According to Iraq's 2005 constitution, the prime minister can be put to a vote of no confidence based on a request by either the president or lawmakers.

It does not address what happens if the premier resigns.

Abdel Mahdi, 77, came to power a year ago through a tenuous partnership between populist cleric Moqtada Sadr and paramilitary leader Hadi Al Ameri.

Sadr had called for the PM to resign and for early elections to be held, but Abdel Mahdi dismissed his demands in a letter earlier this week.

“If the goal of elections is to change the government, then there is a shorter way: For you to agree with Mr Ameri to form a new government,” Abdel Mahdi wrote.

According to Iraq’s complex confessional system, the prime minister is Shiite Muslim, the president is a Kurd and the speaker of parliament is Sunni Muslim.

 

Protests continue

 

Demonstrators came out in force on Thursday across the Shiite-majority south despite efforts to quell them with curfews, tear gas or live fire.

The southern city of Diwaniyah saw its largest rallies yet: Students, teachers, farmers and health workers hit the streets as government offices remained closed.

In Basra, demonstrators cut off a main road leading to the Umm Qasr Port, its authorities said, one of the main import zones for food and other supplies into Iraq.

In Baghdad, crowds occupied the emblematic Tahrir (Liberation) Square for the eighth consecutive day.

“We’re tired of the whole situation over the past 16 years. The country went from bad to worse,” said Salwa Mezher, a middle-aged woman protesting with the Iraqi flag around her shoulders.

Since the US-led invasion that toppled Saddam Hussein in 2003, Iraq’s political system has been gripped by clientelism, corruption and sectarianism.

Getting a job in government, the country’s biggest employer, is often secured with bribes or connections.

One in five Iraqis live below the poverty line and youth unemployment stands at 25 per cent, despite the vast oil wealth of OPEC’s second-largest crude producer.

That inequality has been a rallying cry for protesters.

“Our problem isn’t just with Adel Abdel Mahdi, it’s with them all,” said Mezher, before adding a refrain popularised in this month’s protests: “Weed them all out!”

The protests are unique in Iraq’s recent history for their fury at the entire leadership, even typically revered clerics.

“We don’t want them, so let them leave.
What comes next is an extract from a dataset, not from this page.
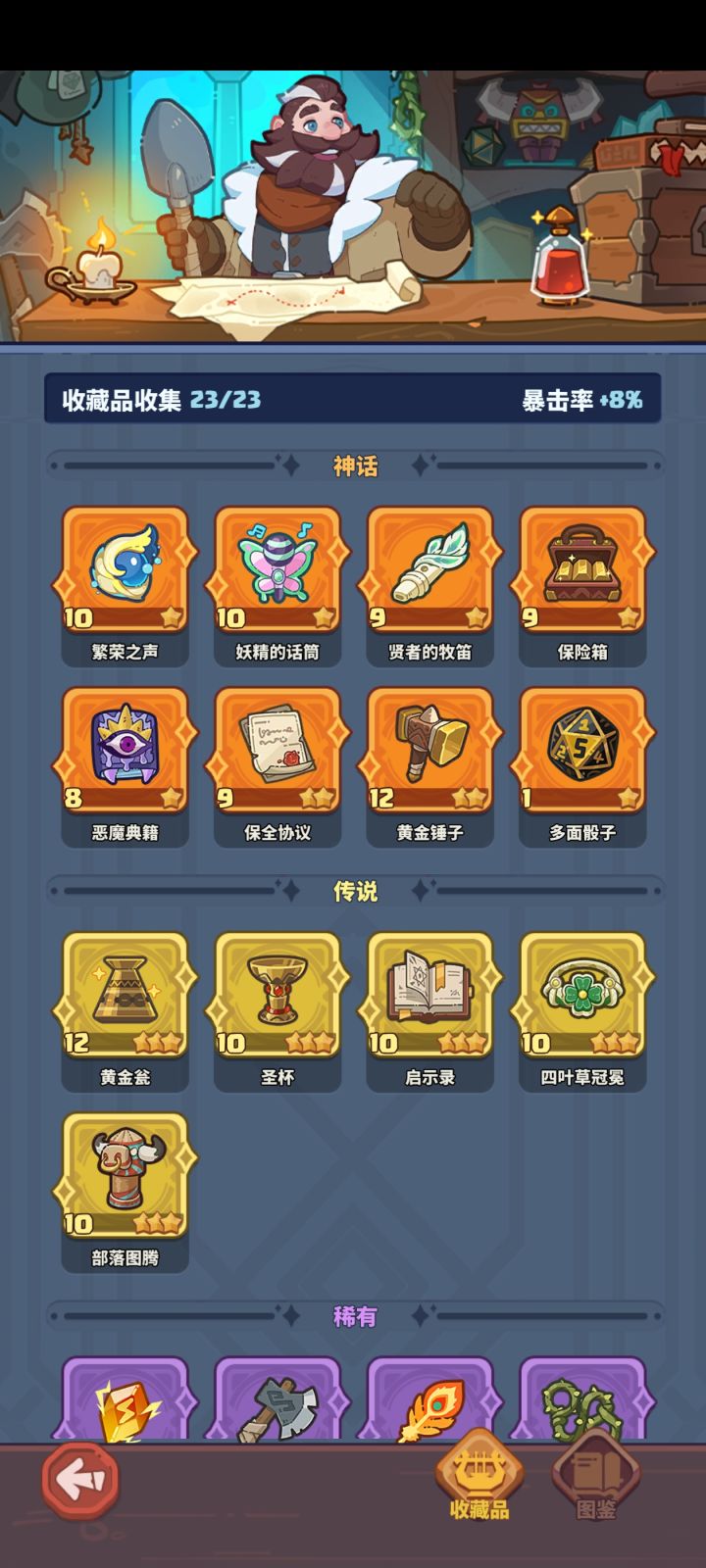 攻击力:巨剑企鹅 全体加攻5%,6级后解锁眩晕。企鹅好多神话英雄均需要,如非必要不要合成暗影猎手。游戏里最好玩的白板英雄:小偷,6级后解锁偷钱,打各种关卡必备。普通过了,建议先把猎手升级到6级,企鹅和三角板升到6级再去碰困难。藏品的话,锤子和保险箱很重要,一个是加攻击力,一个是每回合给你额外的钱。![[表情_斜眼笑]](https://img.tapimg.com/market/images/d1b1dcc88719f6c9a639728cde152c4b.png)

We also don’t want the clerics — they have no business in politics,” said Hoda, a 59-year-old in a headscarf and sunglasses.

Demonstrators packed onto two bridges leading to the Green Zone, where government buildings and foreign embassies are based, setting up barricades to face off against riot police trying to hold them off with tear gas.

Late on Wednesday, a rocket attack hit a checkpoint near the US embassy, killing one Iraqi military member and wounding others, security sources told AFP.

 

‘Trapped, dependent’ 

 

At least 257 people have died and 10,000 have been wounded since protests broke out on October 1, with 100 people losing their lives in the last week, the Iraqi Human Rights Commission said.

Abdel Mahdi, 77, came to power a year ago through a tenuous partnership between Sadr and Hadi Al Ameri, a member of the powerful Hashed Al Shaabi paramilitary force.

That alliance has frayed in recent months, and Sadr threw his weight behind the protests while Ameri and his allies backed the government.

A rapprochement built on Abdel Mahdi’s ouster appeared close on Tuesday night, but disagreements over who could replace him seemed to have slowed down the process.

Any candidate would have to be “presentable to the parliament and accepted by the streets”, said Maria Fantappie, an expert at the International Crisis Group.

“A consensus candidate with a technocratic background? We know the ending of that story,” said Fantappie, referring to Abdel Mahdi’s rocky tenure.

“He will once again be trapped and dependent on these two blocs, and it will bring the same kind of discontent in the streets.”